Figure 1. Drosophila ADARcd fused to ECT2 can edit target mRNAs in vivo in plants.

(A) Phenotypes of wild type, ect2-1 and te234 mutants with (lower panels) or without (upper panels) ECT2-FLAG-ADAR or FLAG-ADAR transgenes, at 9 or 24 days after germination (DAG). (B) Experimental design for ECT2-HyperTRIBE (ECT2-HT) target identification and hyperTRIBER pipeline (Rennie et al., 2021). Nucleotide base counts quantified from mapped RNA-seq libraries were passed into the hyperTRIBER pipeline to call significant editing sites, which were further filtered and annotated. The number of sites in either aerial (A, dissected apices) or root (R, root tips) tissues considered at each stage of the analysis is indicated. GLM, generalized linear model; E.P., editing proportion. (C) Scatterplot of the editing proportions of potential and significant editing sites (E.S.) in aerial tissues of ect2-1/ECT2-FLAG-ADAR lines compared to the FLAG-ADAR controls. Significant sites are highlighted in vivid green. N.S., not significant. (D) Density of editing proportions for significant editing sites in aerial tissues and roots of ect2-1/ECT2-FLAG-ADAR lines. (E) Consensus motif identified at significant editing sites in aerial tissues of ect2-1/ECT2-FLAG-ADAR lines. (F) Principal component analysis of editing proportions at significant editing sites in samples with aerial tissues. (G) Distribution of the correlations between editing proportions and ADAR expression (TPM) for significant editing sites in aerial tissues of either ect2-1/ECT2-FLAG-ADAR or FLAG-ADAR lines. Background correlations (gray) are based on randomly shuffling ADAR expression for each site. (H) Boxplots showing the mean editing proportions as a function of the proportion of cells co-expressing ECT2, calculated based on single cell RNA-seq in roots (Denyer et al., 2019). For panels C, E, F, and G, comparable analyses in both aerial and root tissues are shown in the Figure 1—figure supplement 1.

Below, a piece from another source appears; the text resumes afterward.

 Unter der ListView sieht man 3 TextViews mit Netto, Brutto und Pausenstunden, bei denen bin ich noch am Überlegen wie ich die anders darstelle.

Figure 1—figure supplement 1. Drosophila ADARcd fused to ECT2 can edit target mRNAs in vivo in plants (extended data, aerial and root tissues).

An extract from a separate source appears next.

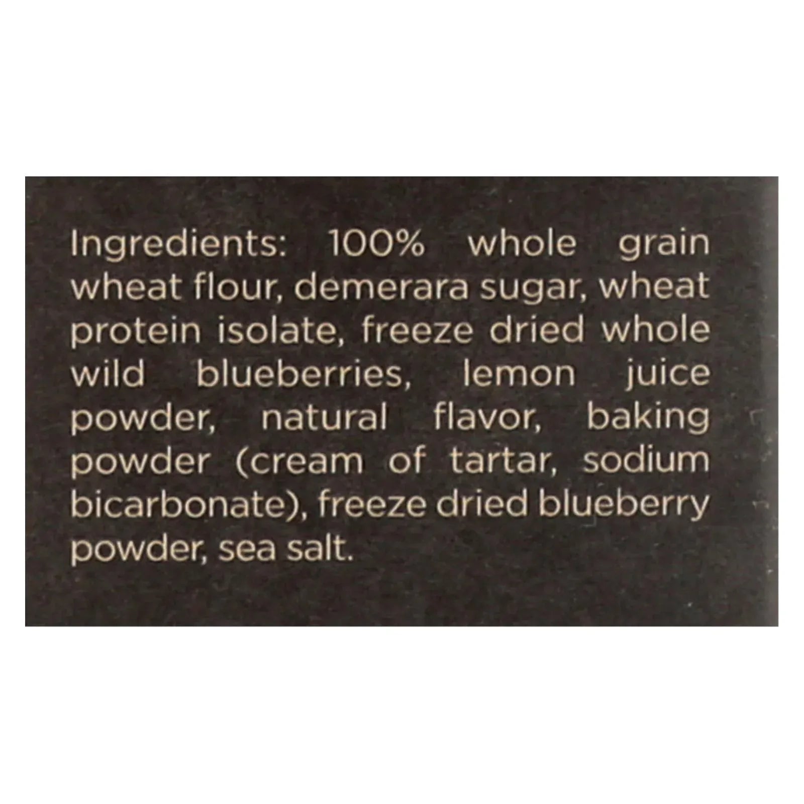 ingredients : 100% whole grain wheat flour;demerara sugar;wheat protein isolate;freeze dried whole wild blueberries;lemon juice powder;natural flavor;baking powder;cream of tartar;sodium bicarbonate;freeze dried blueberry powder;sea salt

(A) Protein expression levels of ECT2pro:ECT2-FLAG-DmADAR^E488Qcd-ECT2ter (ECT2-FLAG-ADAR) or ECT2pro:FLAG-DmADAR^E488Qcd-ECT2ter (FLAG-ADAR) transgenes in 10-day-old seedlings of five independent transgenic lines (L1–L5) of each of the genotypes shown in Figure 1A and their background controls. Amido black staining is used as loading control. (B) mRNA expression levels (TPM) of ECT2-FLAG-ADAR or FLAG-ADAR in dissected apices (aerial tissues) or root tips of the lines used for ECT2-HyperTRIBE (ECT2-HT). (C) Scatterplot of the editing proportions, defined as G/(A + G), of potential and significant editing sites (E.S.) in aerial and root tissues of ect2-1/ECT2-FLAG-ADAR lines compared to the FLAG-ADAR controls. Significant sites are highlighted in vivid colors. N.S., not significant. (D) Number of significant hits in root samples by mismatch type, after filtering but before removing non-A-G or non-T-C sites. (E, F) Consensus motif identified at significant editing sites in roots of ect2-1/ECT2-FLAG-ADAR lines, split in groups by editing proportions (E.P.) in (F). (G) Principal component analysis of editing proportions for significant editing sites. (H) Distribution of the correlations between editing proportions and ADAR expression (TPM) for significant editing sites. Background correlations (gray) are based on randomly shuffling ADAR expression for each site.